When Shaw retired in 2005 after 33 years, the then-director Goéry Delacôte told him, "You are the Exploratorium."

=== Pi Day ===
Larry Shaw, the "Prince of Pi", invented the holiday Pi Day in 1988 while at the Exploratorium. During an off-site staff retreat in 1988, he started talking with his co-workers, like Ron Hipschman, about the mysteries of mathematical constants. Shaw came up with the idea to link pi (3.14159…), which begins with 3.14, with the date 3/14 or March 14. Co-workers built on the idea and they had a mini-celebration with just the staff, starting with eating of pies. The next year, the holiday was held for all at the museum and every year since, even when the museum was closed during its move. The celebration includes a parade at 1:59 p.m. with visitors holding a sign with a digit of pi, a pi shrine, eating of pies (fruit and pizza), singing happy birthday to Albert Einstein, and more. Larry Shaw would lead the parade in his red cap with the digits of pi. Pi Day was recognized as a national holiday in 2009 and is internationally celebrated. 2015 was proclaimed by Shaw to be a special year, as it was written 3/14/15, and he called it the "Pi Day of the Century". Shaw felt the best thing about Pi Day was making math more accessible, fun for those who may have had problems in school. When asked if he was proud with events being held around the world, "Yes and no. It's not mine; it's everybody's. I'm just the guy holding the pole."

=== Art and music ===
In addition to helping the artist-in-residence and others at the Exploratorium, he contributed to and supported the arts and technology community.

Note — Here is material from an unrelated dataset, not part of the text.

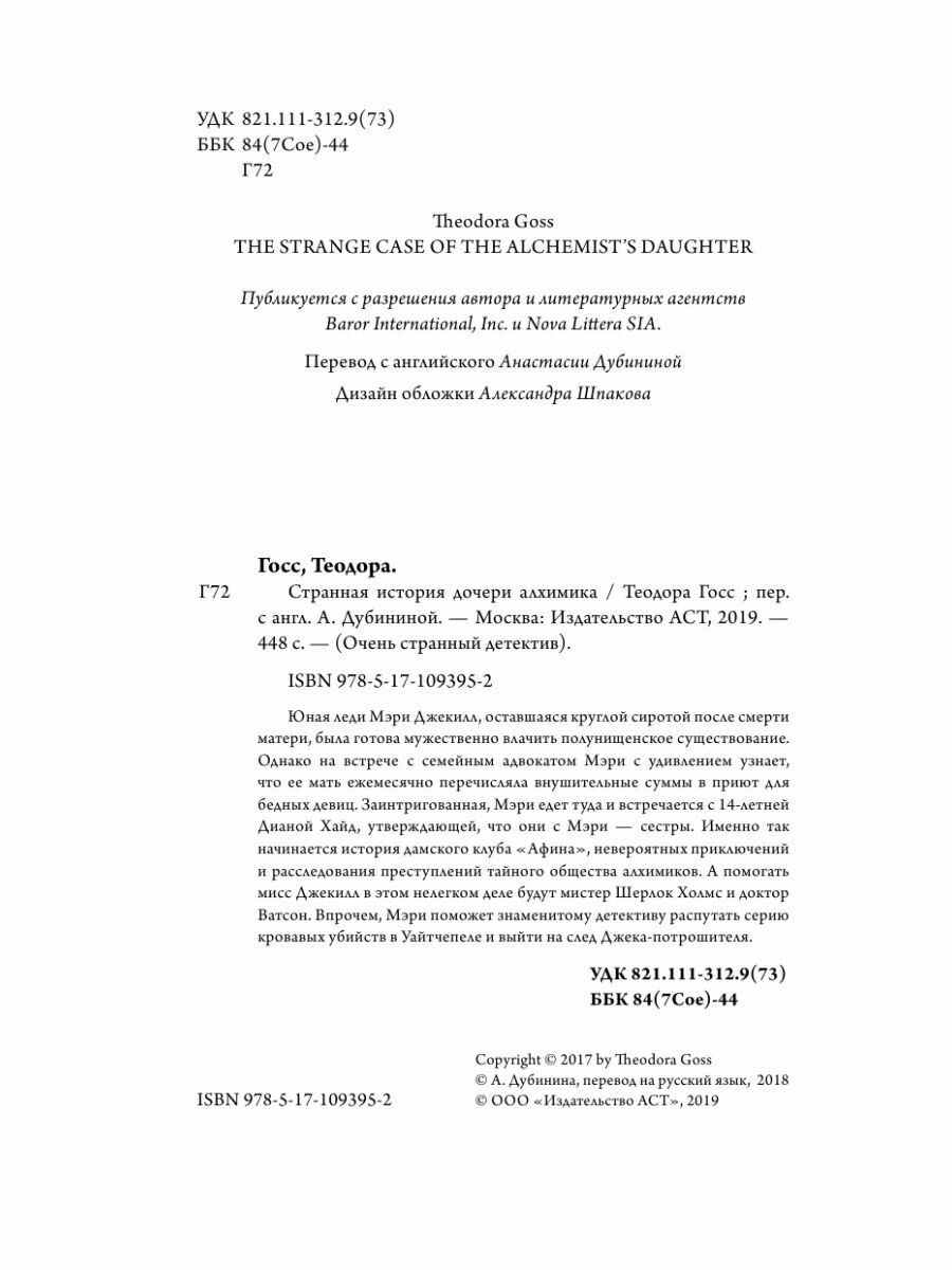 Странная история дочери алхимика (Дубинина А. (переводчик), Госс Теодора); АСТ, 2018

He was a core member of YLEM: Artists Using Science & Technology For the CyberArts X 10th Anniversary & YLEM 20th Anniversary, he was key for the on-line aspect of the event. At the YLEM Exhibition in December 2001, he showed his piece, "SF Fog, 1967", which "combined the friendly image of the Golden Gate Bridge dissolving in a whirling fractal fog in his digital collage".

He helped put on events related to computer graphics for the local chapters of ACM SIGGRAPH, both the Bay Area ACM SIGGRAPH and later the San Francisco ACM SIGGRAPH chapter. He was also involved at the international level being on the SIGGRAPH 1987 Art Show jury and committee with the conference at the Anaheim Convention Center.

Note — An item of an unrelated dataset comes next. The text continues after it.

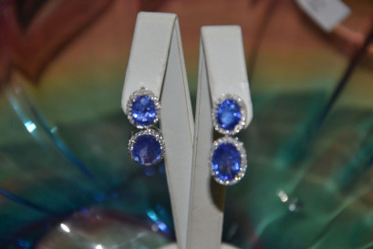 Lot Description:14ct White Gold Tanzanite & diamond drop earrings

Larry Shaw was called the “GodFather” of the San Francisco Robotics Society of America (SFRSA). SFRSA Mediameister Cliff Thompson said in a 2001 tribute, "Seemingly hardly known & working deftly behind the scenes, Larry has over the years been at the engineering epi-center of more profoundly transformative technological, scientific & cultural experiences than anyone I know."

He also composed and performed electronic music (The Coagulation of Time) and made electronic harmoniums.

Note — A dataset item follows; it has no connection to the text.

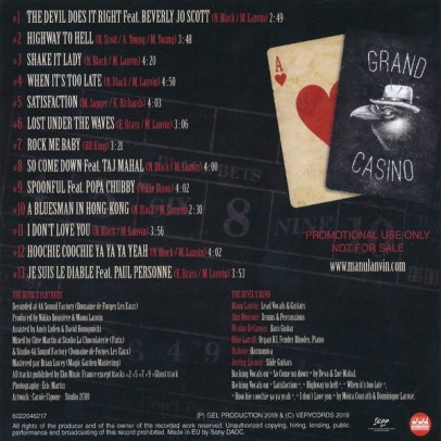 Der legendäre, verstorbene Johnny Hallyday als Blues-Connaisseur (Kenner) verehrte Monsieur Lanvin und lud Ihn als Special Guest zu seiner letzten Tournee 2017 ein. Das will was heißen!!! Vom Cover der CD blickt einem Manu filmreif im Stil eines Mafiosi-Gitarrero an um die Blues-Rock’N Freaks mit “Grand Casino” gefangen zu nehmen…

After retiring, he had more time pursuing his artistic passion of turning his photos into beautiful abstractions. He continued volunteering as an audio engineer for non-profits.

== Buddhism ==
Larry Shaw and his wife Catherine, who had a degree in Buddhism, visited, practiced and studied at Buddhist sites all over the world. He and his family joined the Buddhist Temple of Marin in 1985. He served several terms as president. His obituary in the San Francisco Chronicle described him: "He was a true bodhisattva, always willing and able to help all in need, and to share his knowledge and insights. All who knew him attest to his extreme good cheer, contagious enthusiasm, amazing range of interests, seemingly in-exhaustible energy, and genuine, unforced loving regard toward everyone."